Dubaï, où les frères Gupta résident dans une demeure estimée à 25 millions d’euros près de la marina, leur a toujours servi de base arrière, même lorsqu’ils opéraient en Afrique du Sud. L’émir Mohammed Ben Rachid al-Maktoum, premier ministre des Emirats arabes unis, tient-il à les protéger ? C’est ce qu’a suggéré l’ancien ministre britannique Peter Hain devant la commission chargée d’enquêter sur la corruption en Afrique du Sud : « L’émir al-Maktoum doit être interrogé sur les raisons pour lesquelles la famille n’est pas extradée. Soit le gouvernement d’al-Maktoum cache intentionnellement une famille qui a pillé un nombre incalculable de fonds en Afrique du Sud, soit les autorités sud-africaines n’ont pas vraiment la volonté de les juger. »

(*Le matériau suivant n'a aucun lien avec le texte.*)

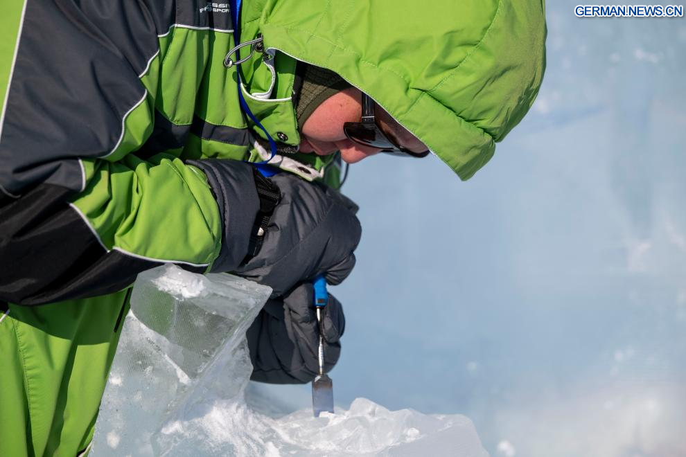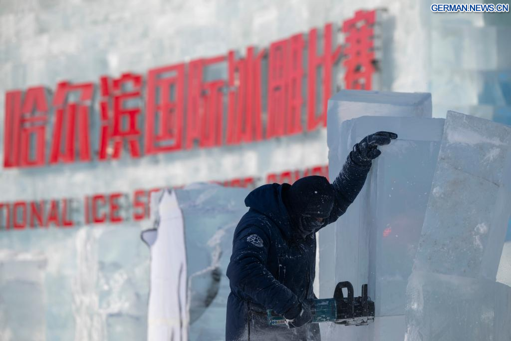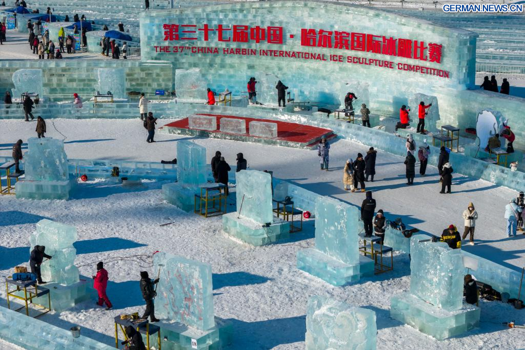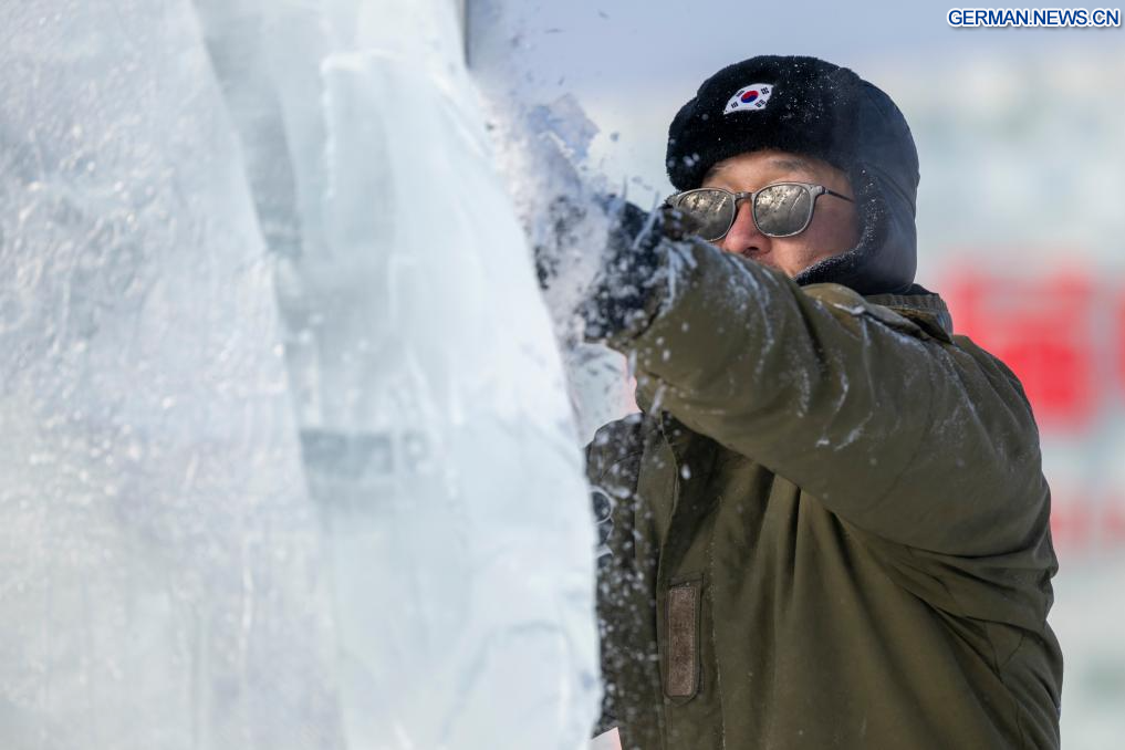 HARBIN, 2. Januar 2026 (Xinhuanet) -- Ein Wettbewerber arbeitet an einer Eisskulptur während des 37. Internationalen Eisskulpturenwettbewerbs China Harbin in der Eis- und Schneewelt von Harbin in der nordostchinesischen Provinz Heilongjiang, 2. Januar 2026. Der Wettbewerb begann hier am Freitag. (Quelle: Xinhua/Zhang Tao)

Les deux Etats ont pourtant déjà longuement échangé sur le sujet en 2018 et ont même signé le traité d’extradition. Problème : les Emirats tardent à le ratifier, son Parlement invoquant un problème dans la traduction du texte. « Cette excuse n’est pas crédible », estime le magistrat sud-africain Mohammed Moolla. Le retard pris ne plaît guère au ministre Ronald Lamola, pour qui le délai s’apparenterait plutôt à un refus : « L’Afrique du Sud s’inquiète de certains Etats qui passent maîtres dans l’art de repousser ou de refuser la ratification des traités d’extradition », a-t-il déclaré, avant d’ajouter que « ces Etats risquent de devenir des paradis de la corruption ».

Sanctions américaines
L’autre inconnue concerne les motivations sud-africaines. En effet, parmi les nombreuses accusations qui pèsent sur les Gupta, la plupart impliquent des dignitaires du Congrès national africain (ANC, au pouvoir), dont certains ont encore des responsabilités de premier plan dans le pays et au sein du parti. Mohammed Moolla croit en un retour « plus rapide qu’on ne le pense » des frères Gupta en Afrique du Sud, « sauf si quelqu’un au gouvernement a intérêt de ne pas les voir revenir ».
Techniquement, Ronald Lamola pourrait en réalité déjà demander l’extradition en utilisant la Convention des Nations unies contre la corruption, dont les Emirats sont signataires. « Il est faux de penser que nous avons à tout prix besoin d’un traité bilatéral pour extrader les Gupta, assure l’avocat spécialisé Anton Katz. La convention suffit, à condition que les lois des deux pays correspondent. » En l’occurrence, la législation émiratie reconnaît bien des délits financiers tels que la fraude, le détournement de fonds et la corruption.
Dans sa traque aux Gupta, l’Afrique du Sud a reçu un soutien de poids en octobre. Les Etats-Unis sont entrés dans la danse en gelant les avoirs des trois frères sur leur territoire et en interdisant à toute entité américaine de faire des affaires avec eux. Le Trésor les accuse d’avoir « volé des centaines de millions de dollars à travers des stratagèmes illicites avec le gouvernement » de Pretoria.